Page 1 of 1

Collating a collection of images into one PDF without holding them all in memory at once

Posted: 2018-10-15T17:15:50-07:00
by wbn
One of the things about `magick`/`convert` that I find most useful is the ability to transform a collection of images into a single PDF. However, I've found that for large collections of images, the utility tends to hang indefinitely. I tested it under a debugger and confirmed that yes, it is attempting to load all of the image data into memory before writing it out, making it infeasible to collate arbitrarily large collections of images.

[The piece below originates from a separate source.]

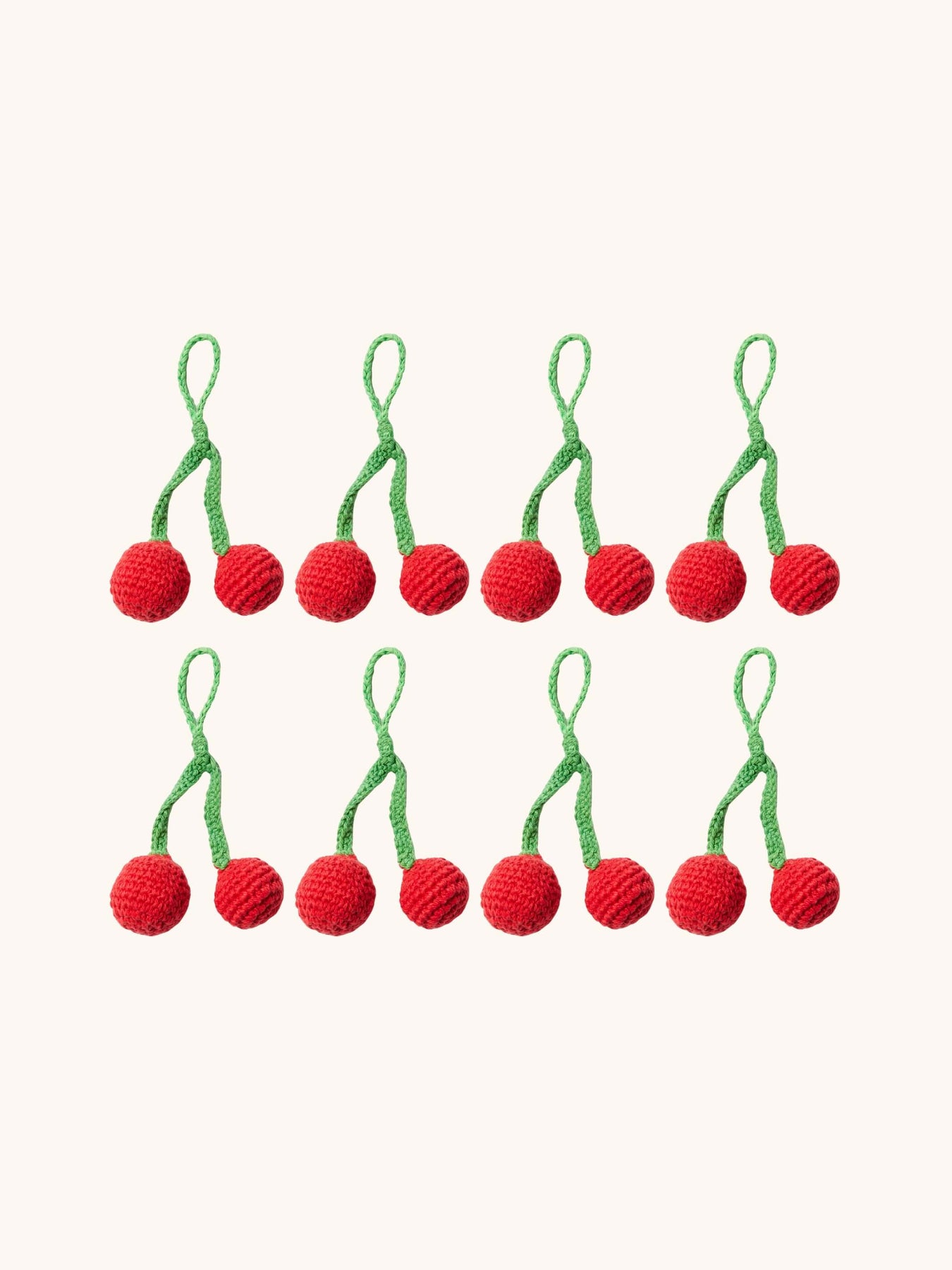Add some festive cheer to your Christmas tree with this delightful hand-crocheted cotton ornament shaped like a pair of cherries. These vibrant red fruits celebrate joy and abundance making them the perfect choice to decorate the season. Hang our Cherries Christmas Decoration with ornaments in red and green for a bold, cheerful display, or mix and match with other fruit decorations to create your festive look.

Is it possible to write the PDF without holding all the image data in memory at any given time? I poked the source and found `PingImage`/`PingImages`, which looks like it should be useful for this purpose (since it doesn't load the image data, only metadata and a reference to the on-disk data). However, when I test the utility with the `-ping` flag it doesn't write the image data out to the resulting PDF, only the dimensions.

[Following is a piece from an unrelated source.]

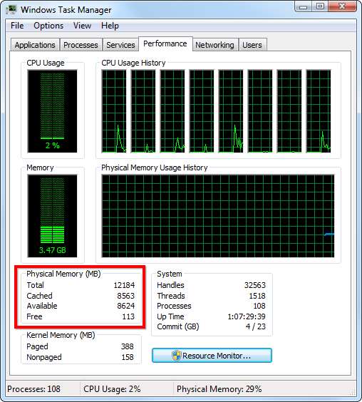 En el pasado, la RAM completa indicaba un problema. Si estaba ejecutando Windows Vista en una computadora con medio giga de RAM, podría sentir que la computadora se ralentizaba constantemente: tenía que leer y escribir constantemente en el disco duro, utilizando el disco duro archivo de página como un reemplazo ineficiente de la RAM. Sin embargo, las computadoras modernas generalmente tienen suficiente RAM para la mayoría de los usuarios. Incluso las computadoras de gama baja generalmente se envían con 4 GB de RAM, lo que debería ser más que suficiente, a menos que esté haciendo juegos intensivos, ejecutando múltiples máquinas virtuales o editando videos.

I understand that in many situations - for instance, when you need to perform multiple transformations on a number of images before writing them - it's much more efficient to hold all the image data in memory rather than reading and writing it to disk multiple times. However, I'm wondering if it's possible to ask the utility (or the API) to optimize for memory efficiency in this case.

Cheers.
-wbn

Re: Collating a collection of images into one PDF without holding them all in memory at once

Posted: 2018-10-15T17:59:38-07:00
by fmw42
I believe you would have to write a script loop over each input image and add that to your pdf one at a time. You could do it as

convert firstinputimage image.pdf
loop over each inputimage besides the first
convert image.pdf inputimage image.pdf

That would continue to add each image to the end of the pdf

Re: Collating a collection of images into one PDF without holding them all in memory at once

Posted: 2018-10-16T04:30:05-07:00
by snibgo
I would convert each image to its own PDF, then use "pdfunite" to unite the PDFs into one.